Едва вступив на должность министра, Воронцов составляет «Всеподданнейшую записку», в которой он излагает свои основные принципы по реорганизации ведомства с целью экономии его средств, сокращения штатов и расходов на управление. И здесь он высказывается за протекционизм в отношении крестьянских обществ, арендующих удельные земли, против «обременения усиленными арендными платами крестьянских обществ, которым при найме земель, по моему распоряжению, будет отдаваться предпочтение перед другими конкурентами»{116}.

Следует обратить особое внимание на такое начинание, как попытка создания фермерских хозяйств посредством сдачи в аренду земельных участков на удельных землях юго-западного района. Можно было бы перечислить и меры по наиболее рациональной эксплуатации удельных лесов, изменение способов хранения капиталов (переведены в Государственный байк) и др.{117}

Оценивая в целом преобразования в ведомстве императорского двора и уделов, проведенные в бытность Воронцова-Дашкова, необходимо квалифицировать их как буржуазные по своему характеру.
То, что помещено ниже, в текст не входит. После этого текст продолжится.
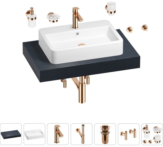 Раковина Wellsee 60 см со столешницей 80 см Halcyon 201011924 в наборе 10 в 1
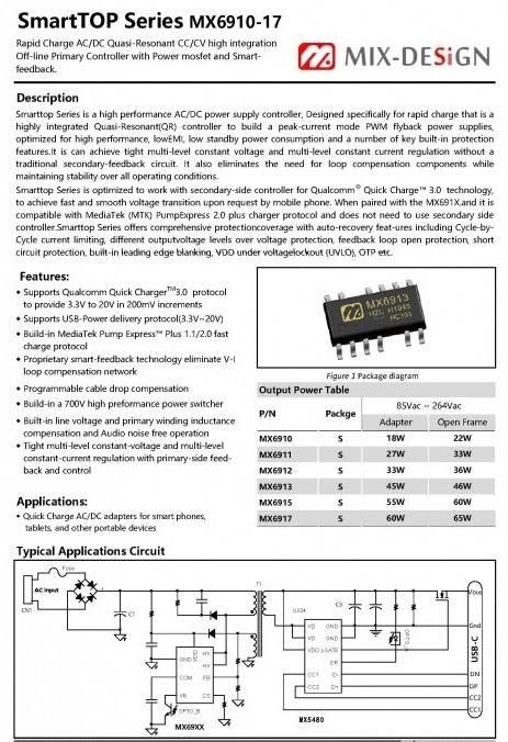 主控芯片采用美思半導體SmartTOP系列,型號MX6911,這是一款高性能開關電源控制器,專為高度集成的快充適配器設計,為高效率,低待機功耗而優化。
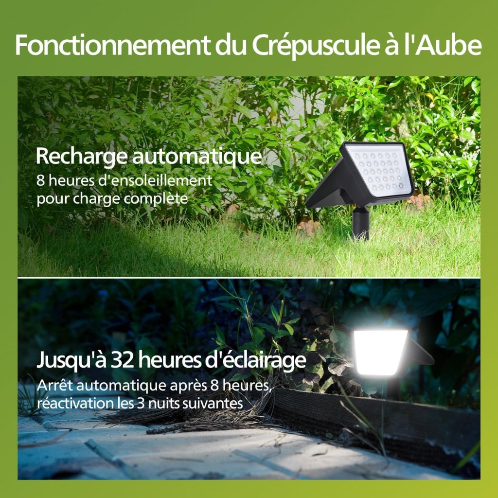 - FONCTIONNEMENT DU CRÉPUSCULE À L’AUBE – La lumière détecte automatiquement les changements de luminosité naturelle, s’allumant au crépuscule et s’éteignant à l’aube. Il suffit ensuite d’activer l’interrupteur pour profiter d’un éclairage automatique. (Fonctionne jusqu’à 32 heures par charge complète de 8 heures ; arrêt automatique après 8 heures, reprise les 3 nuits suivantes – une seule charge alimente quatre nuits.)
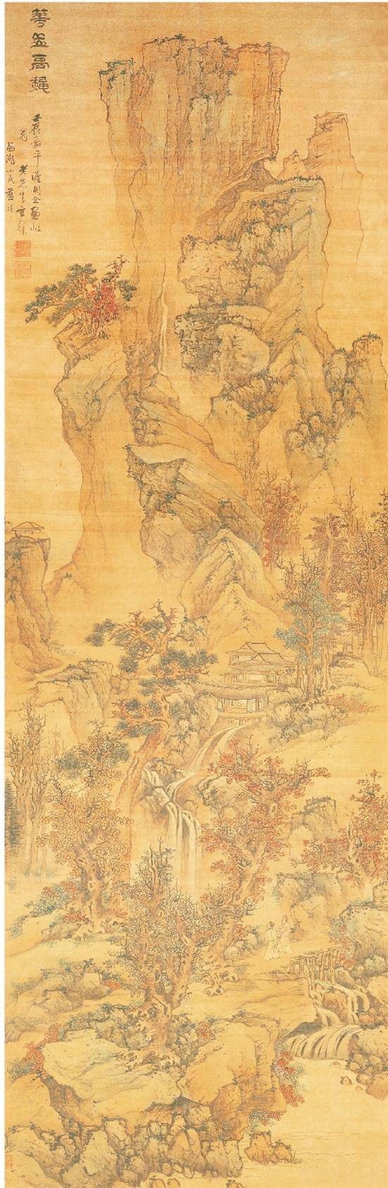 明末清初画家蓝瑛的《华岳高秋图》藏于上海市博物馆,绢本,设色,纵310.9厘米,横102.2厘米。此图采取高远法的构图方式,描绘西岳华山的深秋景色,气势雄伟,生动表现了华山高峻浑厚的万千气象。画面远景重崖叠嶂,奇峰突兀,峭壁屏立,直插云天,体现了华山之险峻。中景群山环绕,山径迂回,青松红枫,层林尽染,秋意浓郁。山坡上的一些树木经霜后,叶片或枯黄,或飘落,唯有枫叶流丹,火红一片,松树奇古苍劲,在萧瑟的秋风中愈显生机勃勃。山隈深处一处建筑格外醒目,重楼飞阁,雕梁画栋,显然这是一座庙宇。山崖间的瀑布如白练腾空,飞流直下。近景松柏苍翠,高大挺拔,丹枫迎秋,红叶灿灿。瀑布落下形成淙淙溪流,曲折蜿蜒,其上板桥卧波,两位高士立于桥上,驻足仰观飞泉溅落、秋景山色,倾听林啸阵阵、泉水叮咚,品秋赏景,交流观感,有远离尘嚣、飘飘欲仙之感。

Это был первый самостоятельный опыт Воронцова-Дашкова как государственного деятеля, выявивший в нем черты реформатора буржуазного типа. Деятельность его на этом посту протекала в период общего кризиса системы, когда самодержавие предпринимало систематические попытки укрепления своей социальной основы. В частности, имеется в виду политика царизма по укреплению классовых позиций дворянства в 80-е годы и в первой половине 90-х годов. «Продворянская политика, — констатировал исследователь этой темы Ю. Б. Соловьев, — начинает приобретать все более определенные черты ко времени коронации, когда царь должен был показать, какого он будет держаться направления»{118}. Во время наконец состоявшейся коронации в мае 1883 г., а затем в рескрипте от 21 апреля 1885 г., посвященном 100-летнему юбилею «Жалованной грамоты», Александр III определил назначение и сферы деятельности дворянства, которому отводилась приоритетная роль в общем управлении страной{119}.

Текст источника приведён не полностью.